◆ **PROBLEM STATEMENT**:
Begin at the line below that has "Het perceel waarop". Stop after the line that has "We struggled and", repeating each line exactly and leaving out the pictures.

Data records
=== Begin Enclosure ===
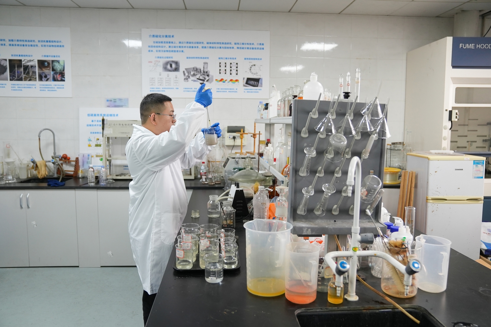“这就是我们的超磁分离技术,实验看起来很简单,但运用到实际场景中却不容易。”唐珍建说,要让这项技术站稳市场、落地见效,最重要的就是做好平衡。
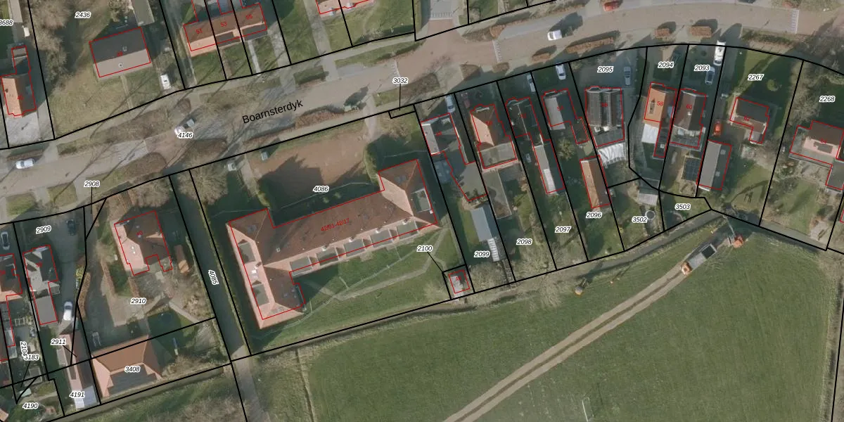 Het perceel waarop Boarnsterdyk 42-16 staat heeft een oppervlakte van 2531 m². Dit is een zeer groot perceel. De perceeloppervlakte wordt geregistreerd door het Kadaster. Gedetailleerde informatie over de maten van dit perceel kunt u vinden in het rapport Kadastrale kaart met maatvoering van Boarnsterdyk 42-16.
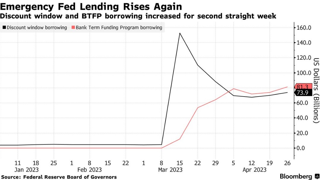 值得一提的是,贴现窗口是美联储为银行提供的最古老的流动性支持。与此新流动性工具BTFP于3月12日启动,此前美联储在加州硅谷银行和纽约签名银行破产后宣布进入紧急状态。
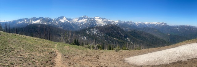 We struggled and floundered, punching through to ankles, knees, hips, waist, each step completely unpredictable on the rotting snow. Dead, fallen trees littered the lines of least resistance, forcing us to either weave and backtrack or gamble with postholing over the tangles of branches. Gradually stretches of dry trail appeared, and the thick traffic of Wolf Creek Pass grew from ant-size to beetle-sized below.
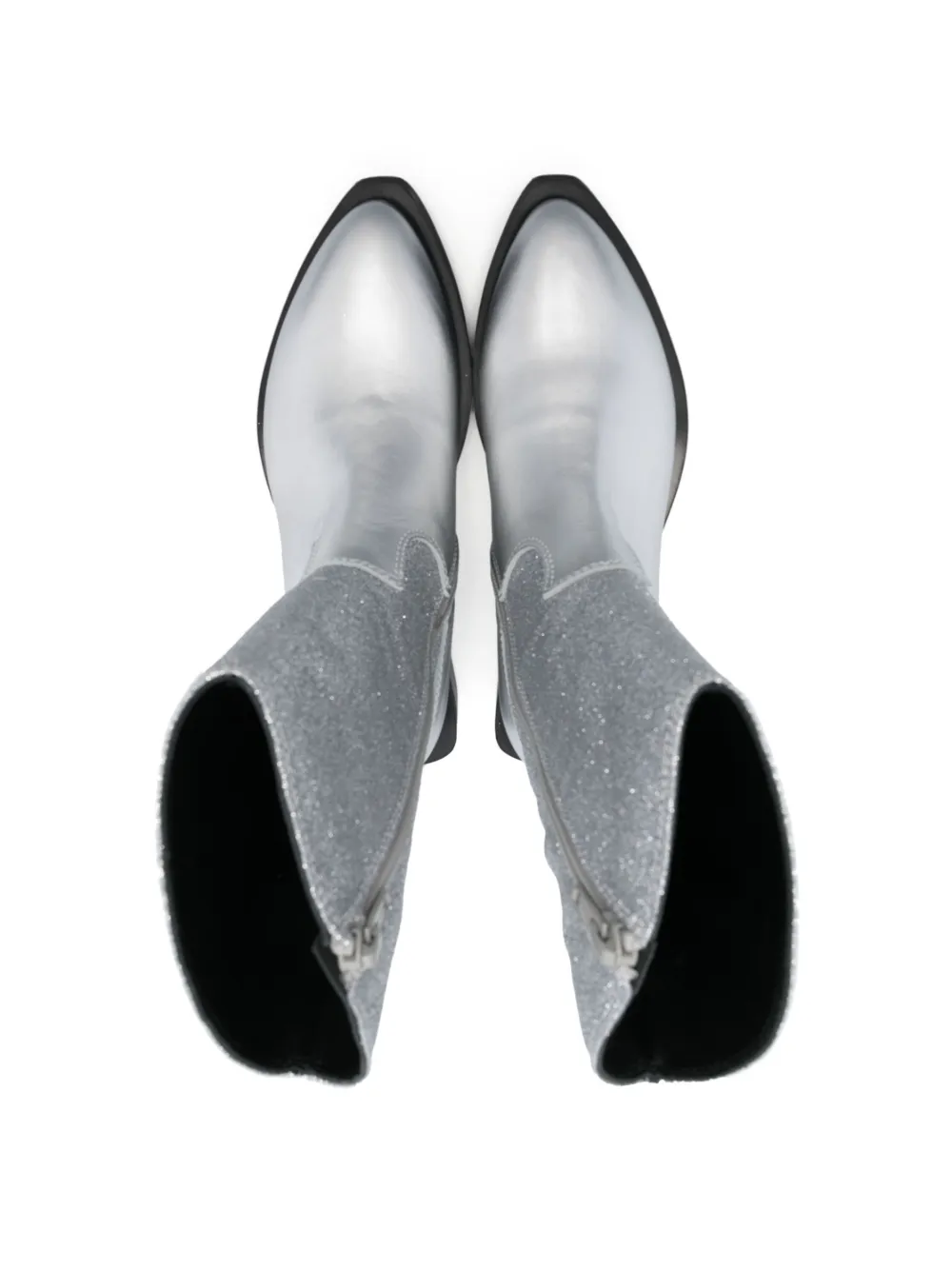 Серебристый, черный, телячья кожа, блестящий материал, вышитый логотип сбоку, заостренный носок, застежки на молнии сбоку, стелька с логотипом и блочный каблук.
=== End Enclosure ===
◆ **ANSWER SECTION**:
 Het perceel waarop Boarnsterdyk 42-16 staat heeft een oppervlakte van 2531 m². Dit is een zeer groot perceel. De perceeloppervlakte wordt geregistreerd door het Kadaster. Gedetailleerde informatie over de maten van dit perceel kunt u vinden in het rapport Kadastrale kaart met maatvoering van Boarnsterdyk 42-16.
 值得一提的是,贴现窗口是美联储为银行提供的最古老的流动性支持。与此新流动性工具BTFP于3月12日启动,此前美联储在加州硅谷银行和纽约签名银行破产后宣布进入紧急状态。
 We struggled and floundered, punching through to ankles, knees, hips, waist, each step completely unpredictable on the rotting snow. Dead, fallen trees littered the lines of least resistance, forcing us to either weave and backtrack or gamble with postholing over the tangles of branches. Gradually stretches of dry trail appeared, and the thick traffic of Wolf Creek Pass grew from ant-size to beetle-sized below.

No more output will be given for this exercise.